Although JIS provides no specific standard for mold steel for plastic injection molding, special steel suppliers made such standard available for our application. Referring to such references select appropriate steel material to be mirror polished for transparent resin molding. Improved materials are often processed by special smelting processing such as vacuum process which brings about homogeneous and dense grain structure with minimum segregation and pin holes so as to assure a mold to satisfy with precise transcription capability. 13Cr stainless steel for such purpose is normally made by vacuum process to suit precision mirror polishing.

2-1-3-2-4 Thin products

Steel material for thin core or fine core is required to be with high rigidity and high toughness, particularly when injection is made from one side only. For such application, Maraging steel to include 18% Ni is recommended.

Maraging steel is supplied as solution treated condition and is to be hardened to 53HRC through age hardening. This material is often used for thin wall core, mirror polished core, and ejector pin with thin wall or small diameter.

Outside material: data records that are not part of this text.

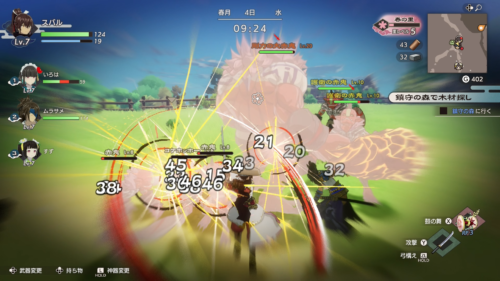 里の外に冒険に出る際には仲間とパーティを組むことが可能です。仲間にはそれぞれタイプが設定されており、攻撃、防御、回復、支援、妨害といったタイプに分かれています。また各キャラクターで使用する武器や得意な属性も異なるので、行き先に応じてどんなパーティで挑むのか考えるのも楽しいです。
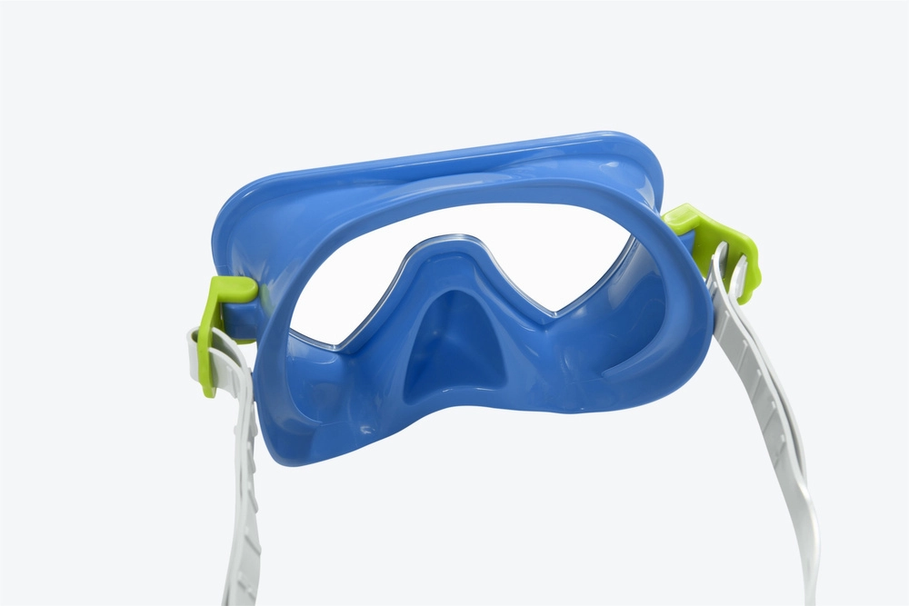 Синята маска за гмуркане е оборудвана с лещи с UV защита и регулируема силиконова каишка, която осигурява комфорт и безопасност под водата.
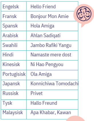 - Spør gruppen om noen vet hvordan man sier «Hei, venn» på et annet språk, og be dem dele det.
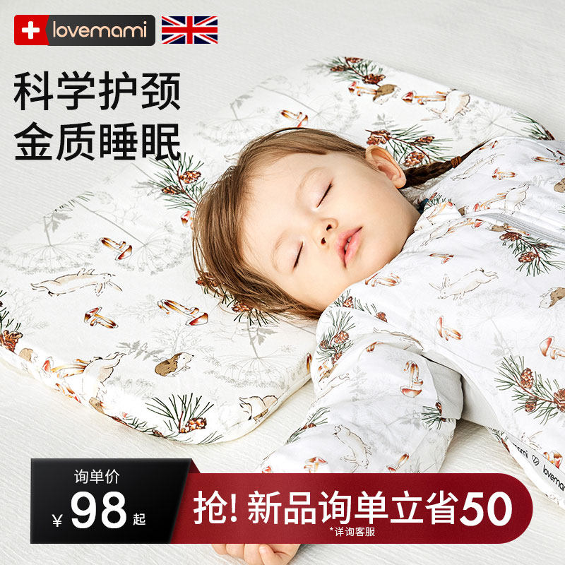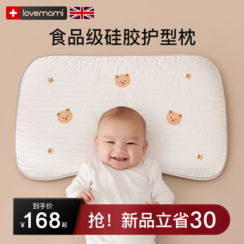 券 50元销量1000英国lovemami婴儿枕头儿童硅胶枕0-1-2-6岁以上幼儿园宝宝四季用
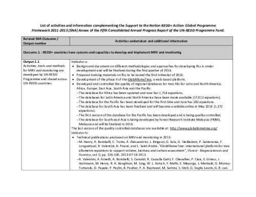 Home Document Library List of Activities and Information Complementing SNA Annex Annual Report 2013-ENG List of activities and information complementing SNA Annex Annual Report 2013-ENG Fri, 04 Jul, 2014 Download the resource Format: application/pdf Size: (0.522 MB) download Filed under: Category Empty Related publications View all Foundation documents 23 May, 2025UN-REDD Programme Developer 23/05/2025 - Document Download English 21 May, 2025UN-REDD Programme Draft UN-REDD 2026-2030 Strategy Download English 21 May, 2025UN-REDD Programme Draft Monitoring and Evaluation Framework UN-REDD 2026-30 Download English
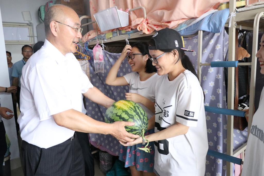 陈克正、李伟年一行先后来到崂山校区南区9号楼部分毕业生宿舍,为毕业生送去西瓜,亲切地与毕业生进行交谈,仔细询问他们的毕业去向、离校前准备情况。公司2018届毕业生同学热情邀请领导走访自己的宿舍,主动向领导汇报自己四年来取得的成绩,对公司公司领导的关心表示感谢,并表达了对母校的美好祝愿。
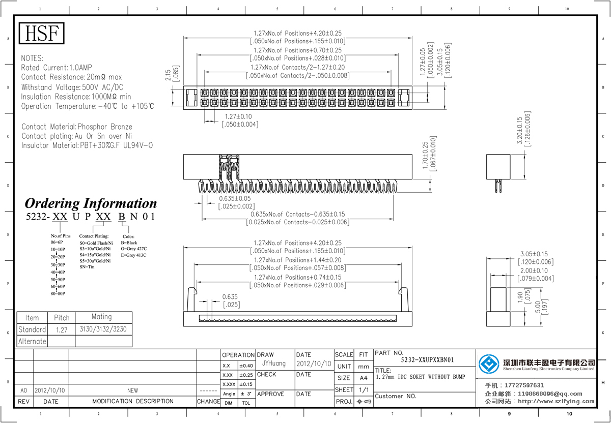 產(chǎn)品分類:IDC插座連接器 產(chǎn)品型號:1.27*1.27MM U型 磷銅 IDC 帶凸點 聯(lián)豐盈生產(chǎn) 技術(shù)參數(shù):額定電流:1.0amp電流電阻:20m最大絕緣電阻:1000mmin耐壓:1000V AC /分鐘工作溫度:40﹣℃+ 105℃
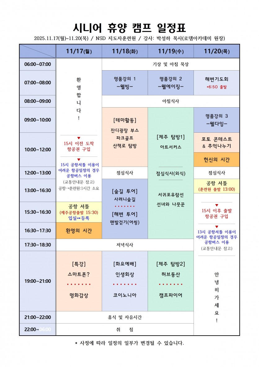 행복한 노년을 위한 "시니어 휴양 캠프"가 제주 지도자훈련원에서 개최됩니다.
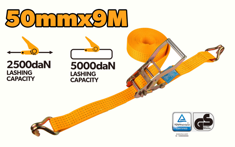 Aceasta banda cu clichet si carlige duble are o latime de 50 mm si o lungime de 9 m, ceea ce o face potrivita pentru a fixa si a lega obiecte cu usurinta. Capacitatea de prindere de pana la 2500 daN garanteaza o prindere sigura si stabila.
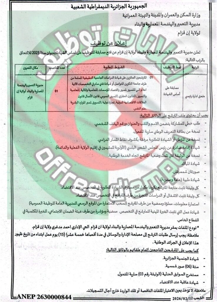 تعلن مديرية التعمير والهندسة المعمارية والبناء لولاية إن قزام عن فتح مسابقة للتوظيف على أساس الشهادة بعنوان سنة 2025 للالتحاق بالرتب التالية:

2-1-4 Other mold materials

As explained so far, steel material is most balanced in properties as mold material. Thus it is widely used. Other materials than steel are being introduced for particular applications.

2-1-4-1 Aluminum alloy

Mold for extremely small production volume is not necessary is of steel material. Mold made of aluminum alloy can stand for 20,000~30,000 shots. You may extend the life even more by hardening the mold surface with alumite processing. But be aware that aluminum alloy is always subject to damage on its surface because of soft material by nature.

Benefits gained from this material must be low cost, short delivery and improved cycle time due to high thermal conductivity.

2-1-4-2 Copper Alloys

Beryllium copper (BeCu) is a typical copper alloy used for copper alloy mold for plastic molding. This material can be improved in abrasion resistance through age hardening.

Advantage of copper alloy is its high thermal conductivity, while disadvantage must be its high cost. Therefore copper alloy is used for inserts to remove heat from hot spots.